In this study, we have assessed the distribution of extracellular matrix proteins in different tendon compartments and between tendon types. The data support our hypothesis, showing a different distribution of proteoglycans and elastin in the functionally distinct SDFT and CDET. Further, we have shown that the distribution of specific proteins varies with tendon region, with localisation of lubricin and elastin to the IFM, particularly in the energy‐storing SDFT.

The finding that elastic fibres are localised to the IFM in the SDFT, supports previous studies that have demonstrated that the IFM is rich in elastin, both in tendon (Grant et al. 2013) and ligament (Smith et al. 2011). However, elastin was largely absent in the CDET IFM. Our previous work has demonstrated that the IFM in the SDFT is more extensible and elastic than the CDET IFM (Thorpe et al. 2012, 2015b). Taken together, these data suggest that elastin may play an important role in tendon recoil, enabling the greater interfascicular recoil that is seen in energy‐storing tendons (Thorpe et al. 2015b).

General proteoglycan and glycoprotein staining was greater in the SDFT than in the CDET, which supports previous studies showing a greater glycosaminoglycan content in the SDFT (Batson et al. 2003; Thorpe et al. 2010). Further, overall proteoglycan staining was more intense in the IFM than in the FM in both tendon types. When considering the distribution of specific proteoglycans, lubricin was found to be localised to the IFM in both tendon types. This supports previous studies that have shown localisation of lubricin to the IFM in the human Achilles (Sun et al. 2015), goat supraspinatus (Funakoshi et al. 2008) and mouse tail (Kohrs et al. 2011) tendons, as well as to the tendon sheath (Taguchi et al. 2009). Further, it has been demonstrated that a reduction in lubricin content reduces tendon and fascicle gliding ability (Taguchi et al. 2009; Kohrs et al. 2011), suggesting that the function of this glycoprotein in the IFM may be to facilitate sliding between fascicles. This is particularly important in energy‐storing tendons, where the greater requirement for extension appears to be provided by a larger degree of interfascicular sliding (Thorpe et al. 2012). The presence of intracellular lubricin staining was also observed in interfascicular and fascicular cells in both tendon types. The presence of intracellular lubricin has been reported previously in tendon (Sun et al. 2015), intervertebral disc (Shine & Spector, 2008) and the superficial layer of cartilage (Schumacher et al. 1999). It is not clear whether this staining represents production of lubricin that will be secreted into the matrix, or whether lubricin has an additional intracellular function. To date, several isoforms of lubricin have been identified, and lubricin can occur in both proteoglycan and glycoprotein forms (Lord et al. 2011). It has been suggested that these different isoforms may have distinct functions, including lubrication, matrix‐binding, cytoprotection and cell proliferation (Flannery et al. 1999).

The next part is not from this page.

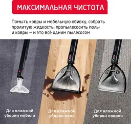 Аксессуары в комплектенасадка для влажной уборки ковров/полов, насадка для влажной уборки мягкой мебели, насадка для мытья окон, насадка для мягкой мебели, насадка для пола и ковров, турбощетка, щелевая насадка

The differential distribution of SLRPs identified between tendon types and regions may indicate a distinct role for each of these proteoglycans in tendon. Decorin is the most abundant proteoglycan within tendon (Yoon & Halper, 2005) and plays an important role in collagen fibrillogenesis during development (Birk et al. 1995). Decorin distribution was not significantly different between the IFM and FM in either tendon type, supporting a previous study that showed decorin staining throughout the IFM and FM in the SDFT (Kim et al. 2010). While biglycan is present at a lower abundance than decorin in tendon, it is also a regulator of fibrillogenesis (Zhang et al. 2006). Fibromodulin and lumican are also involved in collagen fibrillogenesis (Ezura et al. 2000) and fibromodulin has an additional role in modulating collagen crosslink formation (Kalamajski et al. 2014). The role of the SLRPs in adult tendon is yet to be fully elucidated, although data from several studies suggest they may contribute to tendon mechanical properties. Studies in knock‐out mice have reported that decorin and biglycan modulate tendon viscoelasticity (Robinson et al. 2005; Dourte et al. 2012), and that this response is tendon‐specific (Robinson et al. 2005). Further, a recent study has demonstrated that enzymatic disruption of chondroitin sulphate side chains reduces sliding between collagen fibrils (Rigozzi et al. 2013), suggesting that decorin and biglycan, which have chondroitin sulphate side chains, may facilitate inter‐fibril sliding and contribute to fascicle extension. In the current study we have shown that these SLRPs are also present within the IFM, which indicates they may also contribute to sliding between fascicles.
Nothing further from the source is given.